Writer and director Jeremy Saulnier has quickly been establishing himself as a master of physical and existential terror with films like 2013’s Blue Ruin and 2007’s Murder Party and his latest offering Green Room should even further solidify his status as a genre filmmaker to watch.
Down on their luck and in need of money, a band called The Ain’t Rights accept a shady-sounding gig at what turns out to be a Neo-Nazi compound in the backwoods of Oregon. In true punk spirit, they open their set with a cover of The Dead Kennedy’s “Nazi Punks Fuck Off” and antagonize their skinhead audience for the entirety of their set. But the awful audience turns out to be the least of their problems.
(Read: A Conversation with Jeremy Saulnier)
When the band witness a brutal act of violence backstage, the club’s staff, led by the casually brutal Darcy (Patrick Stewart), set about covering up the act and disposing of everyone who knows about it.
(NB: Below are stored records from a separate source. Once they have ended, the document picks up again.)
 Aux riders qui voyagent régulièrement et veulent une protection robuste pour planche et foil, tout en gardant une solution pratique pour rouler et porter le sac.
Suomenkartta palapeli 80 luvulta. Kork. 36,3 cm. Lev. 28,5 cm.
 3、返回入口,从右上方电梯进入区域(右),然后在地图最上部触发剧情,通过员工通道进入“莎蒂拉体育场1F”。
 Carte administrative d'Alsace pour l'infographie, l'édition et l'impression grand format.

Locked in the titular green room backstage with a body, a guard, and a woman with ties to the white power scene, the members of The Ain’t Rights, must rely on their wits and whatever makeshift weapons they have on hand to try to save themselves and escape an army of drug-dealing, knife-wielding, attack dog-training skinheads intent on their annihilation.
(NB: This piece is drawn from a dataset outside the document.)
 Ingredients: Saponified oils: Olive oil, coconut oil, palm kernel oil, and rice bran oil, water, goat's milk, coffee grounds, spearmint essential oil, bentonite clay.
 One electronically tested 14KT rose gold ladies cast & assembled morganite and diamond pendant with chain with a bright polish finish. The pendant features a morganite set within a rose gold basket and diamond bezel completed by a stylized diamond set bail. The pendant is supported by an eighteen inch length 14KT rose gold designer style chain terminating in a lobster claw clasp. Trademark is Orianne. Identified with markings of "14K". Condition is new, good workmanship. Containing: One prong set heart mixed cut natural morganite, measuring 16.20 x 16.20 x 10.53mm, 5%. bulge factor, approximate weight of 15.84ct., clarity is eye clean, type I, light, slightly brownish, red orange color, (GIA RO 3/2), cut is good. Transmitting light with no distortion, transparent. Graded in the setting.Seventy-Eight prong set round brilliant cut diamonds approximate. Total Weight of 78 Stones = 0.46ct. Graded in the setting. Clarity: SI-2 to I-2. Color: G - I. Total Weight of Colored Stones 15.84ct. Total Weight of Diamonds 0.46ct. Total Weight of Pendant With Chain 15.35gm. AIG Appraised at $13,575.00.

It’s one hell of a premise for a film, and Saulnier executes it beautifully, setting up the scene and then logically and thrillingly mining it for every possibility. The attention to detail in the way that the battle between punks and skins plays out is impressive, as is the verisimilitude. No one gets dumbed down or magically elevated to heroic status in service of the plot. The character’s lightly sketched backgrounds all play a role in the fight for their survival and an inspired number of objects lying around the joint get used in a sort of DIY-meets-MacGyver fashion along the way. Everyone is fallible but resourceful in some way, and no deus ex machina is coming to fight for either side. All that’s left to do is sit back and bite your nails while you watch the body count climb.
The plot unravels beautifully, at a pace that’s methodical but still anxiety-inducing, building up an air of psychological fear so impenetrable that the only relief from it is an occasional splattering of visceral horror or an even more rare quip along the way. The cast’s slightly understated performances –at least as far as genre film goes–also add to the atmosphere. Stewart is chilling and wryly funny as Darcy, the sinister antithesis of his most famous and beloved roles, and his henchmen are all uncomfortably believable as violent white power douchebags. The band (particularly Alia Shawkat, Anton Yelchin) and their questionable ally (Imogen Poots) do an excellent job of playing prey without devolving into old school horror histrionics. They’re scared, but they’re also stunned. Most viewers will want them to prevail, even as they realize that there’s not much chance of it.
Green Room maintains this hair-trigger tension, toying with genre conventions like a cat with a mouse before eventually subverting them to the end. And even then, at the risk of lightly spoiling things, it proves playfully unpredictable to the very last frame. Perhaps the only thing more exciting than waiting to see what transpires in Green Room is waiting to see what Saulnier does next.